== TASK BRIEF ==
Please restate, word for word, the lines below that begin at the one with "Warm modern gold" and end at the one with "Private First Class". Leave out all other lines.

== DATA UNDER STUDY ==
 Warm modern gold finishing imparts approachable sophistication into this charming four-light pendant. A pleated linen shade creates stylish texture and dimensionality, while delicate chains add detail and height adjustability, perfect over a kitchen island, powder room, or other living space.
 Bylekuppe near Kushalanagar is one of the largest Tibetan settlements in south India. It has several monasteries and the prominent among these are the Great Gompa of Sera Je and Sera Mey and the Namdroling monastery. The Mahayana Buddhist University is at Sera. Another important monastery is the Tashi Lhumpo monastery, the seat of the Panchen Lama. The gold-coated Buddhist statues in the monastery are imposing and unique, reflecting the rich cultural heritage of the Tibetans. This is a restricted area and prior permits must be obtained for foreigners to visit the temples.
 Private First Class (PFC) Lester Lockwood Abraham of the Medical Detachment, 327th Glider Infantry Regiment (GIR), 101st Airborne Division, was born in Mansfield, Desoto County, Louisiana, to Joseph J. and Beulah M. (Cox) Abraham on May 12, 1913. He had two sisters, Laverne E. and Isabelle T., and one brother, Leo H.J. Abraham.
...
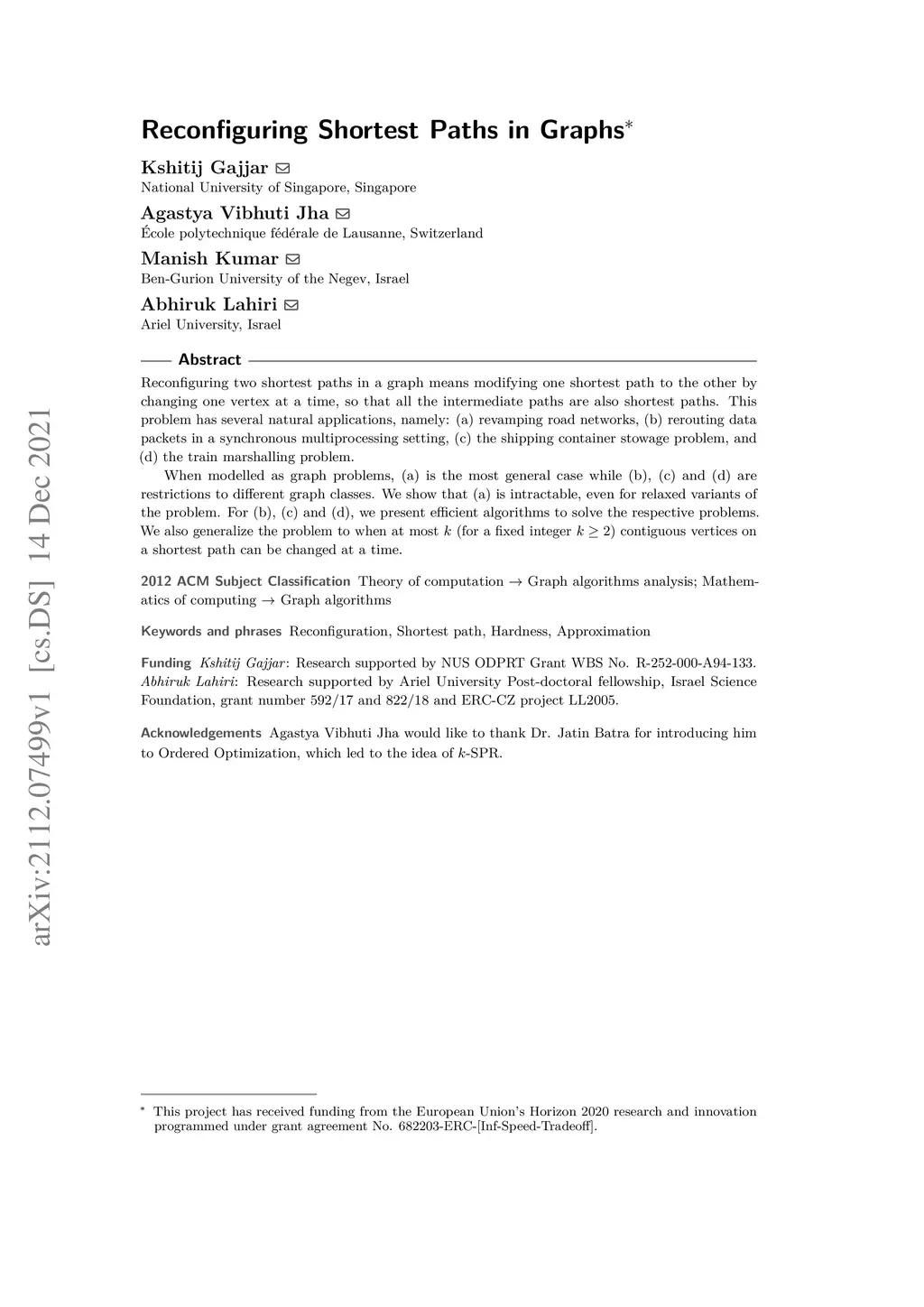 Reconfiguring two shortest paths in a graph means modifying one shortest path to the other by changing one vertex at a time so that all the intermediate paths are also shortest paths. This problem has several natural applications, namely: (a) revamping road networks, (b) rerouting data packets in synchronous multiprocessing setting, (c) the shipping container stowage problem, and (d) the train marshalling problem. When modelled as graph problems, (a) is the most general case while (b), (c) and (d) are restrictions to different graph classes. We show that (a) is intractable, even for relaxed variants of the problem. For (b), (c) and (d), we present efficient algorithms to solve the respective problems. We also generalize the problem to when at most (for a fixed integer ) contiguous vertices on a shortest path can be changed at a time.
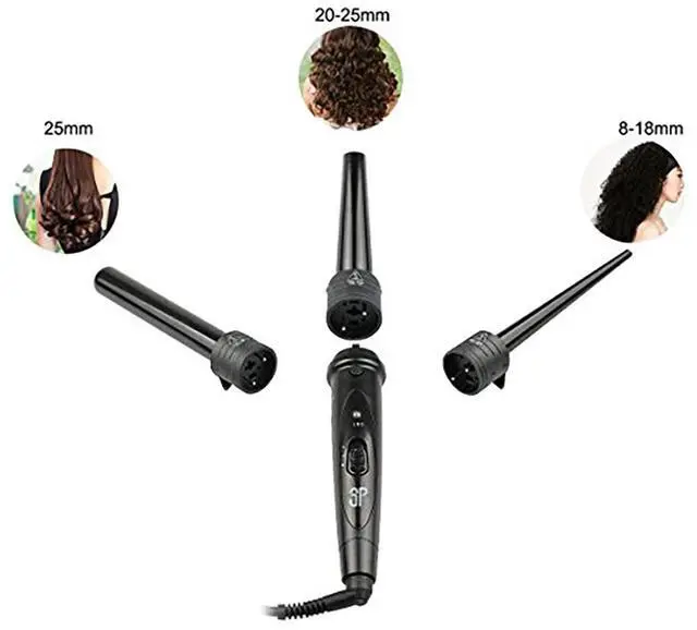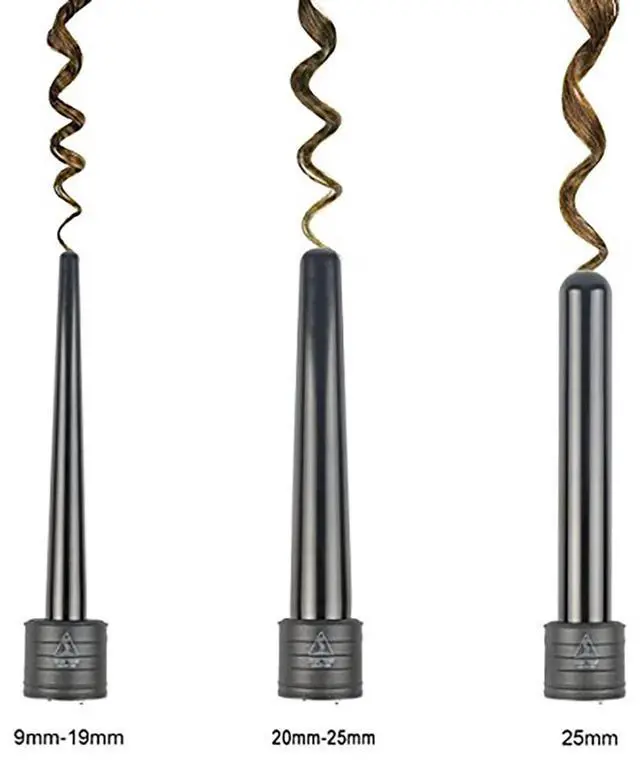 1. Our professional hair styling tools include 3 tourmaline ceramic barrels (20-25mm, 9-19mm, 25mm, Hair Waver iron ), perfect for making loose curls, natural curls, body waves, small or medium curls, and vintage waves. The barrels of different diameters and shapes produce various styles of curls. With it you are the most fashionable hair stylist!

== RESPONSE ==
 Warm modern gold finishing imparts approachable sophistication into this charming four-light pendant. A pleated linen shade creates stylish texture and dimensionality, while delicate chains add detail and height adjustability, perfect over a kitchen island, powder room, or other living space.
 Bylekuppe near Kushalanagar is one of the largest Tibetan settlements in south India. It has several monasteries and the prominent among these are the Great Gompa of Sera Je and Sera Mey and the Namdroling monastery. The Mahayana Buddhist University is at Sera. Another important monastery is the Tashi Lhumpo monastery, the seat of the Panchen Lama. The gold-coated Buddhist statues in the monastery are imposing and unique, reflecting the rich cultural heritage of the Tibetans. This is a restricted area and prior permits must be obtained for foreigners to visit the temples.
 Private First Class (PFC) Lester Lockwood Abraham of the Medical Detachment, 327th Glider Infantry Regiment (GIR), 101st Airborne Division, was born in Mansfield, Desoto County, Louisiana, to Joseph J. and Beulah M. (Cox) Abraham on May 12, 1913. He had two sisters, Laverne E. and Isabelle T., and one brother, Leo H.J. Abraham.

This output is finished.